Over the most recent stretch when Wall was healthy, Beal played just 18 percent of the minutes the other All-Star guard was on the bench, according to NBA Advanced Stats. That left more than 10 minutes per game the Wizards played with neither Wall nor Beal, during which they were outscored by 8.9 points per 48 minutes.
It's possible Brooks could use Wall's return from injury as a pretext to begin staggering the guards, since Wall probably will not be able to play extended stretches right away. Brooks could get Wall out early in the first and third quarters, leaving Beal in, then bring Beal back in to get Wall a second rest during each half.
Playing Beal with the second unit should produce higher-quality shot attempts for Washington. Last season, with Wall off the court, the Wizards ranked 29th of the 30 teams in Second Spectrum's quantified shot quality (qSQ) metric, which measures the effective field goal percentage we'd expect an average team to shoot given the location from which shots are coming, their type and the location of nearby defenders. This season, the Wizards are a respectable 26th -- still worse than with Wall (19th), but good enough to stay afloat.

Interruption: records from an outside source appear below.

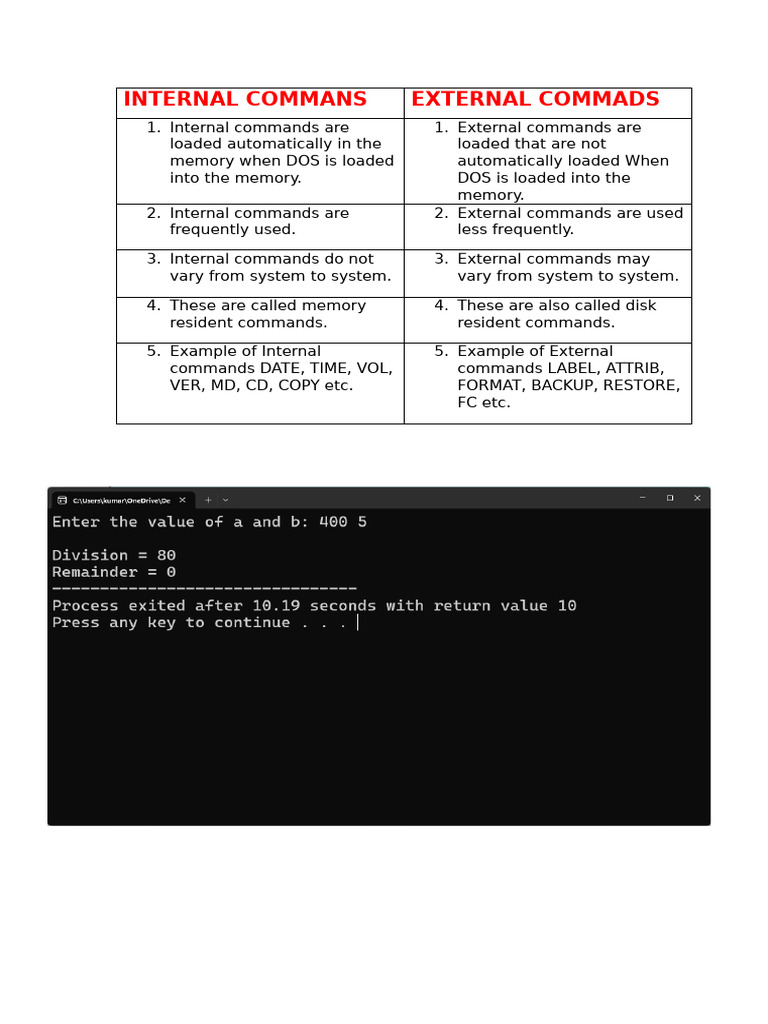 INTERNAL COMMANS EXTERNAL COMMADS
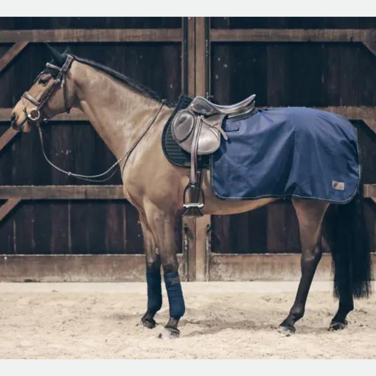 • La Quarter Rug All Weather est une couverture haute performance fabriquée à partir d'un tissu à trois couches. Le tissu extérieur en polyester haute ténacité 600D est laminé avec une membrane imperméable respirante. La doublure en peau de lapin artificielle procure davantage de chaleur, car elle crée de minuscules poches d'air qui retiennent la chaleur du corps. La doublure est très douce contre la peau, lustre le poil du cheval et prévient des frottements et irritations. Le couvre-reins carré comporte deux attaches velcro pour le fixer à la selle, ainsi qu’une courroie de queue. Le passepoil et le logo Kentucky en simili cuir marron donnent au couvre-reins un look très chic. Il est lavable en machine à 30 °, pas de sèche-linge.- Forme carrée
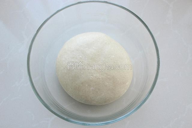 3.把面团整理好放进容器中,覆盖保鲜膜放温暖处发酵

Additionally, Washington could benefit from playing Wall a bit more off the ball. One of the few pluses in his injury-marred season has been the fact that Wall is shooting a career-high 36 percent on 3s, good enough that opponents have to respect him as a spot-up threat. Using Wall this way will help keep his teammates involved and productive.
In part, the comparison between the Wizards with and without Wall has been thrown off by the fact that we haven't seen him at full strength this season. Wall's 44 percent shooting on 2-point attempts is his worst mark since his rookie campaign, and overall this is the least effective Wall has been since his second year in the league. So if Wall can come back healthy and Washington remains effective without him, the result could be a stronger Wizards team than the one that once depended on Wall to score.